Data extracted from a collection:
BEGIN
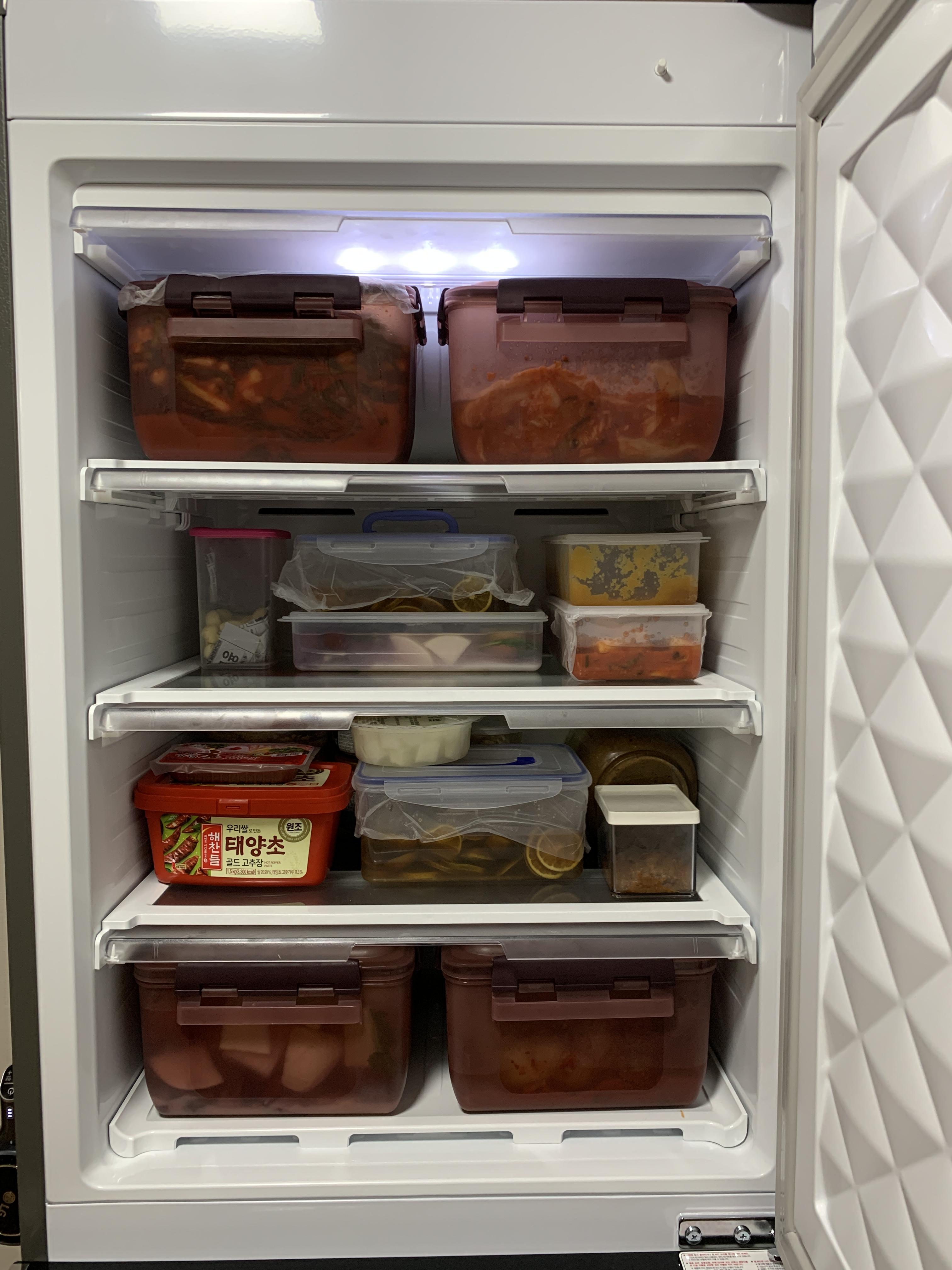 맞아요. 공간은 충분해요. 근데 제가 생각하던 김치 냉장고는 김치 외에 장기 보관 하고 싶은 청귤청 다진 마늘 고추장 된장 쌈장들을 함께 넣어두는 공간이라고 생각했기에 부족하다고 하는거에요.
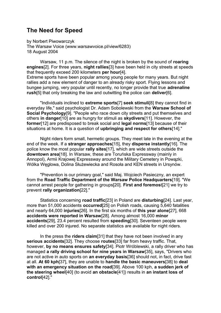 The Need for Speed by Norbert Piwowarczyk The Warsaw Voice (www.warsawvoice.pl/view/6283) 18 August 2004 Warsaw, 11 p.m. The silence of the night is broken by the sound of roaring engines[2]. For three years, night rallies[3] have been held in city streets at speeds that frequently exceed 200 kilometers per hour[4]. Extreme sports have been popular among young people for many years. But night rallies add a new element of danger to an already risky sport. Flying lessons and bungee jumping, very popular until recently, no longer provide that true adrenaline rush[5] that only breaking the law and outwitting the police can deliver[6]. "Individuals inclined to extreme sports[7] seek stimuli[8] they cannot find in everyday life," said psychologist Dr. Adam Sobolewski from the Warsaw School of Social Psychology[9]. "People who race down city streets and put themselves and others in danger[10] are as hungry for stimuli as skydivers[11]. However, the former[12] are predisposed to break social and legal norms[13] because of their situations at home. It is a question of upbringing and respect for others[14]." Night riders form small, hermetic groups. They meet late in the evening at the end of the week. If a stranger approaches[15], they disperse instantly[16]. The police know the most popular rally sites[17], which are wide streets outside the downtown area[18]. In Warsaw, these are Toruńska Expressway (mainly in Annopol), Armii Krajowej Expressway around the Military Cemetery in Powązki, Wólka Węglowa, Dolina Służewiecka and Rosoła and KEN streets in Ursynów. "Prevention is our primary goal," said Maj. Wojciech Pasieczny, an expert from the Road Traffic Department of the Warsaw Police Headquarters[19]. "We cannot arrest people for gathering in groups[20]. First and foremost[21] we try to prevent rally organization[22]." Statistics concerning road traffic[23] in Poland are disturbing[24]. Last year, more than 51,000 accidents occurred[25] on Polish roads, causing 5,640 fatalities and nearly 64,000 injuries[26]. In the first six months of this year alone[27], 668 accidents were reported in Warsaw[28]. Among almost 16,000 minor accidents[29], 23.4 percent resulted from speeding[30]. Seventeen people were killed and over 200 injured. No separate statistics are available for night riders. In the press the riders claim[31] that they have not been involved in any serious accidents[32]. They choose routes[33] far from heavy traffic. That, however, by no means ensures safety[34]. Piotr Wróblewski, a rally driver who has managed a rally driving school for nine years in Warsaw[35], says, "Drivers who are not active in auto sports on an everyday basis[36] should not, in fact, drive fast at all. At 60 kph[37], they are unable to handle the basic maneuvers[38] to deal with an emergency situation on the road[39]. Above 100 kph, a sudden jerk of the steering wheel[40] (to avoid an obstacle[41]) results in an instant loss of control[42]." Night riders are usually young people with access to[43] good cars who try to impress their friends[44]. But the group also includes persons who it seems would be free of the need to impress[45]: managers, employees of ad agencies[46], people with high and responsible posts[47]. They drive at insane speeds at dawn[48], when city streets are empty. There are friendly garages[49] where mechanics intervene in the event of an accident without drawing unwanted attention[50]. The riders themselves say this is how they vent stress[51] after a week at work. "It is rather about pursuing a different kind of stress[52]," said Sobolewski. "The pressure they feel in their jobs is static. Their response to it is to find[53] stress resulting from[54] a real, dynamic and immediate danger." The rallies came into fashion[55] three years ago and the fad is spreading rapidly[56]. "The media is largely to blame[57] because it shows various celebrities[58] who drive cars at high speeds," said Piaseczny. "Officially, nobody accepts it, but the message from the press and TV gets across[59]." Recently, the phenomenon[60] has taken on an even more disturbing dimension[61] as movies documenting races become available online[62]. In the past few weeks one hit clip documented a night race through Warsaw. The amateur filmmakers recorded some of their excesses[63] in the city center, on streets with regular car traffic[64]. The title of one episode speaks for itself[65]: Through Downtown Warsaw in 90 Seconds. Internet forums feature descriptions[66] of rides at insane speeds, often in broad daylight and on crowded streets[67], when other drivers are shoved off the road[68]. "In cases like that, excuses like 'we pose no threat[69], since[70] we drive when the streets are empty,' just don't apply[71]," said Sobolewski. "These lunatics have to realize[72] they are a real, extreme danger to themselves and others. This is not a question of stretching the law to its limits[73], but purely criminal conduct[74]." [1] The Need for Speed – nawiązanie do popularnej gry komputerowej pod tym samym tytułem. [2] roaring engines – ryczące silniki. [3] night rallies – nocni rajdowcy. [4] speeds that frequently exceed 200 kilometers per hour – szybkości niejednokrotnie przekraczające 200 km/h. [5] no longer provide that true adrenaline rush – już nie uwalniają tej dawki adrenaliny. [6] that only breaking the law and outwitting the police can deliver – którą zapewnić może tylko łamanie prawa i przechytrzanie policji. [7] Individuals inclined to extreme sports – jednostki skłaniające się ku sportom ekstremalnym. [8] seek stimuli – poszukują bodźców. [9] the Warsaw School of Social Psychology – Warszawska Szkoła Psychologii Społecznej. [10] put themselves and others in danger – narażają siebie i innych na niebezpieczeństwo. [11] are as hungry for stimuli as skydivers – są równie spragnieni boźdźców jak spadochroniarze-akrobaci. [12] the former – ci pierwsi. [13] are pre
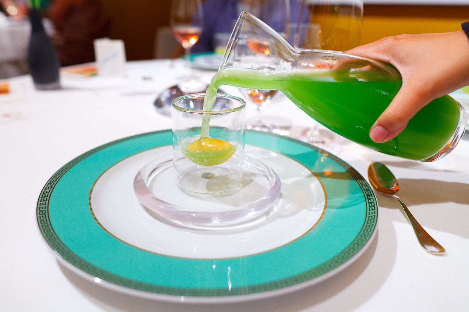 Refreshing infusion - A basil-infused water poured over a peach sorbet. The basil water had no sweetness whatsoever. Its simple and pure taste was similar to our first course, the pesto "starter broth." Chef Ruscalleda has a masterful understanding of sweetness, and how to apply it carefully. The sorbet was only mildly sweet, but as it mixed with the unsweetened basil water its subtle sweetness became apparent. This course was refreshing indeed.
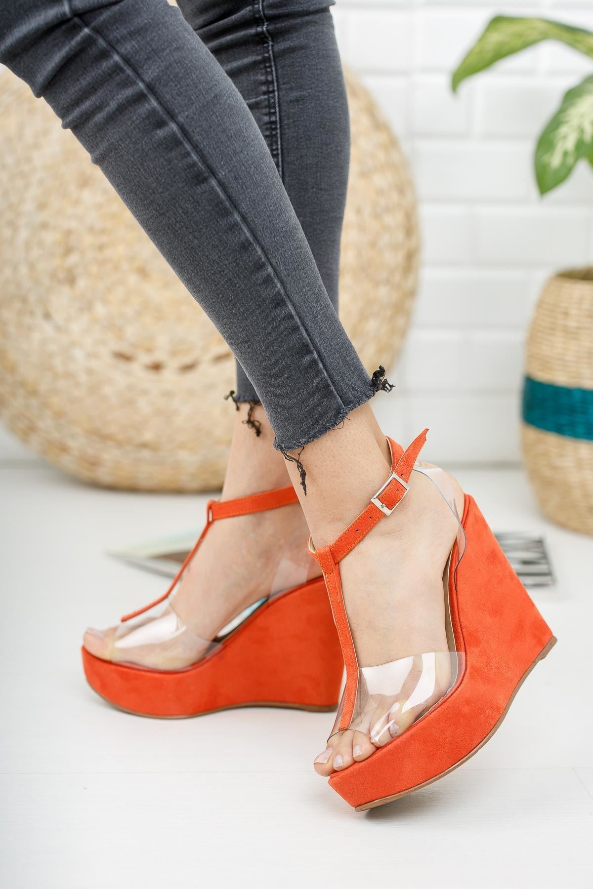 Turuncu Mason Şeffaf Dolgu Topuklu Ayakkabı
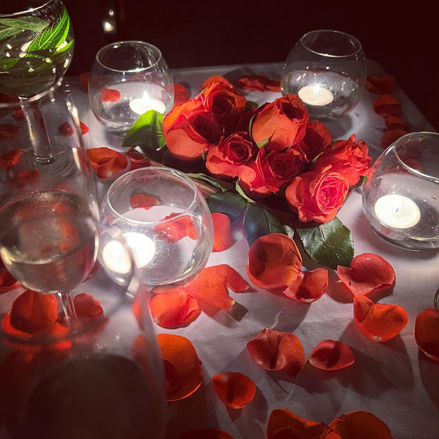 Quang Vinh chỉ đăng hình một bàn ăn với rượu và hoa hồng
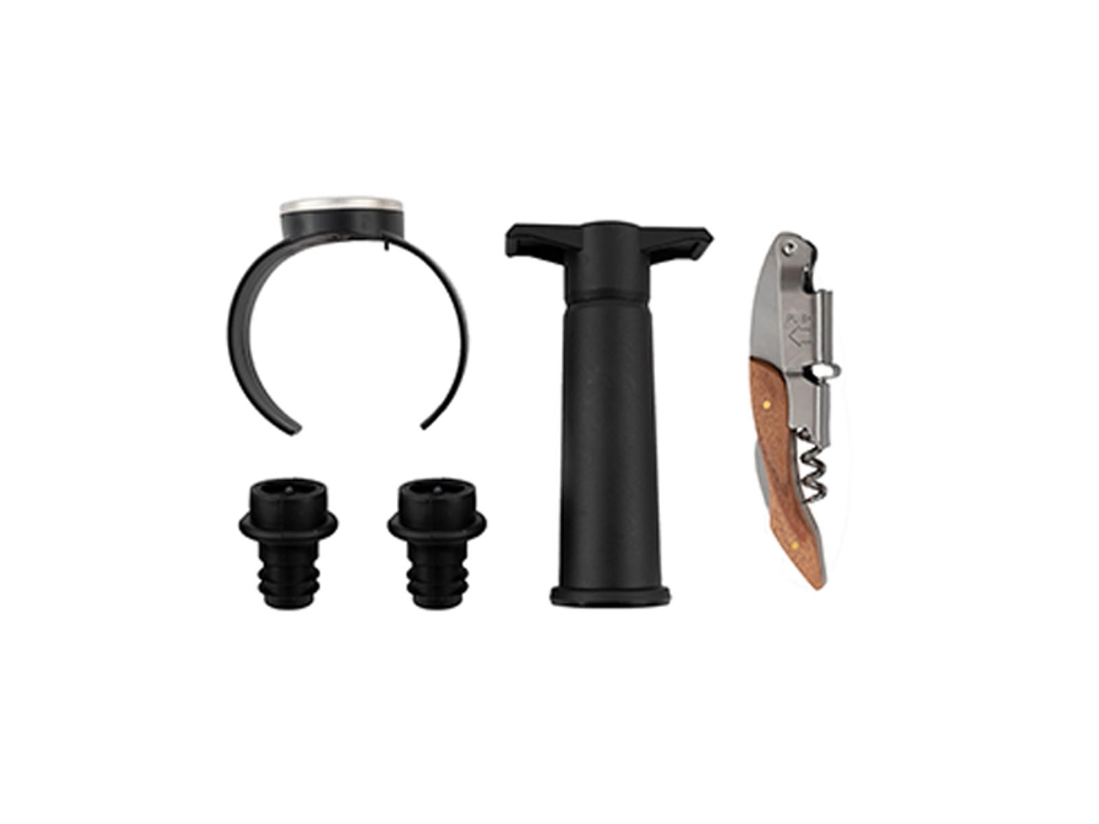 Vinbevarende pumpe: Den medfølgende vinbevarende pumpe hjælper med at forsegle åbnede vinflasker lufttæt og bevare smagen og kvaliteten i længere tid. Den inkluderer også to stopperpropper.
END
What needs to be done: What you print must match the entries exactly, except that no pictures appear.

Output below:
 맞아요. 공간은 충분해요. 근데 제가 생각하던 김치 냉장고는 김치 외에 장기 보관 하고 싶은 청귤청 다진 마늘 고추장 된장 쌈장들을 함께 넣어두는 공간이라고 생각했기에 부족하다고 하는거에요.
 The Need for Speed by Norbert Piwowarczyk The Warsaw Voice (www.warsawvoice.pl/view/6283) 18 August 2004 Warsaw, 11 p.m. The silence of the night is broken by the sound of roaring engines[2]. For three years, night rallies[3] have been held in city streets at speeds that frequently exceed 200 kilometers per hour[4]. Extreme sports have been popular among young people for many years. But night rallies add a new element of danger to an already risky sport. Flying lessons and bungee jumping, very popular until recently, no longer provide that true adrenaline rush[5] that only breaking the law and outwitting the police can deliver[6]. "Individuals inclined to extreme sports[7] seek stimuli[8] they cannot find in everyday life," said psychologist Dr. Adam Sobolewski from the Warsaw School of Social Psychology[9]. "People who race down city streets and put themselves and others in danger[10] are as hungry for stimuli as skydivers[11]. However, the former[12] are predisposed to break social and legal norms[13] because of their situations at home. It is a question of upbringing and respect for others[14]." Night riders form small, hermetic groups. They meet late in the evening at the end of the week. If a stranger approaches[15], they disperse instantly[16]. The police know the most popular rally sites[17], which are wide streets outside the downtown area[18]. In Warsaw, these are Toruńska Expressway (mainly in Annopol), Armii Krajowej Expressway around the Military Cemetery in Powązki, Wólka Węglowa, Dolina Służewiecka and Rosoła and KEN streets in Ursynów. "Prevention is our primary goal," said Maj. Wojciech Pasieczny, an expert from the Road Traffic Department of the Warsaw Police Headquarters[19]. "We cannot arrest people for gathering in groups[20]. First and foremost[21] we try to prevent rally organization[22]." Statistics concerning road traffic[23] in Poland are disturbing[24]. Last year, more than 51,000 accidents occurred[25] on Polish roads, causing 5,640 fatalities and nearly 64,000 injuries[26]. In the first six months of this year alone[27], 668 accidents were reported in Warsaw[28]. Among almost 16,000 minor accidents[29], 23.4 percent resulted from speeding[30]. Seventeen people were killed and over 200 injured. No separate statistics are available for night riders. In the press the riders claim[31] that they have not been involved in any serious accidents[32]. They choose routes[33] far from heavy traffic. That, however, by no means ensures safety[34]. Piotr Wróblewski, a rally driver who has managed a rally driving school for nine years in Warsaw[35], says, "Drivers who are not active in auto sports on an everyday basis[36] should not, in fact, drive fast at all. At 60 kph[37], they are unable to handle the basic maneuvers[38] to deal with an emergency situation on the road[39]. Above 100 kph, a sudden jerk of the steering wheel[40] (to avoid an obstacle[41]) results in an instant loss of control[42]." Night riders are usually young people with access to[43] good cars who try to impress their friends[44]. But the group also includes persons who it seems would be free of the need to impress[45]: managers, employees of ad agencies[46], people with high and responsible posts[47]. They drive at insane speeds at dawn[48], when city streets are empty. There are friendly garages[49] where mechanics intervene in the event of an accident without drawing unwanted attention[50]. The riders themselves say this is how they vent stress[51] after a week at work. "It is rather about pursuing a different kind of stress[52]," said Sobolewski. "The pressure they feel in their jobs is static. Their response to it is to find[53] stress resulting from[54] a real, dynamic and immediate danger." The rallies came into fashion[55] three years ago and the fad is spreading rapidly[56]. "The media is largely to blame[57] because it shows various celebrities[58] who drive cars at high speeds," said Piaseczny. "Officially, nobody accepts it, but the message from the press and TV gets across[59]." Recently, the phenomenon[60] has taken on an even more disturbing dimension[61] as movies documenting races become available online[62]. In the past few weeks one hit clip documented a night race through Warsaw. The amateur filmmakers recorded some of their excesses[63] in the city center, on streets with regular car traffic[64]. The title of one episode speaks for itself[65]: Through Downtown Warsaw in 90 Seconds. Internet forums feature descriptions[66] of rides at insane speeds, often in broad daylight and on crowded streets[67], when other drivers are shoved off the road[68]. "In cases like that, excuses like 'we pose no threat[69], since[70] we drive when the streets are empty,' just don't apply[71]," said Sobolewski. "These lunatics have to realize[72] they are a real, extreme danger to themselves and others. This is not a question of stretching the law to its limits[73], but purely criminal conduct[74]." [1] The Need for Speed – nawiązanie do popularnej gry komputerowej pod tym samym tytułem. [2] roaring engines – ryczące silniki. [3] night rallies – nocni rajdowcy. [4] speeds that frequently exceed 200 kilometers per hour – szybkości niejednokrotnie przekraczające 200 km/h. [5] no longer provide that true adrenaline rush – już nie uwalniają tej dawki adrenaliny. [6] that only breaking the law and outwitting the police can deliver – którą zapewnić może tylko łamanie prawa i przechytrzanie policji. [7] Individuals inclined to extreme sports – jednostki skłaniające się ku sportom ekstremalnym. [8] seek stimuli – poszukują bodźców. [9] the Warsaw School of Social Psychology – Warszawska Szkoła Psychologii Społecznej. [10] put themselves and others in danger – narażają siebie i innych na niebezpieczeństwo. [11] are as hungry for stimuli as skydivers – są równie spragnieni boźdźców jak spadochroniarze-akrobaci. [12] the former – ci pierwsi. [13] are pre
 Refreshing infusion - A basil-infused water poured over a peach sorbet. The basil water had no sweetness whatsoever. Its simple and pure taste was similar to our first course, the pesto "starter broth." Chef Ruscalleda has a masterful understanding of sweetness, and how to apply it carefully. The sorbet was only mildly sweet, but as it mixed with the unsweetened basil water its subtle sweetness became apparent. This course was refreshing indeed.
 Turuncu Mason Şeffaf Dolgu Topuklu Ayakkabı
 Quang Vinh chỉ đăng hình một bàn ăn với rượu và hoa hồng
 Vinbevarende pumpe: Den medfølgende vinbevarende pumpe hjælper med at forsegle åbnede vinflasker lufttæt og bevare smagen og kvaliteten i længere tid. Den inkluderer også to stopperpropper.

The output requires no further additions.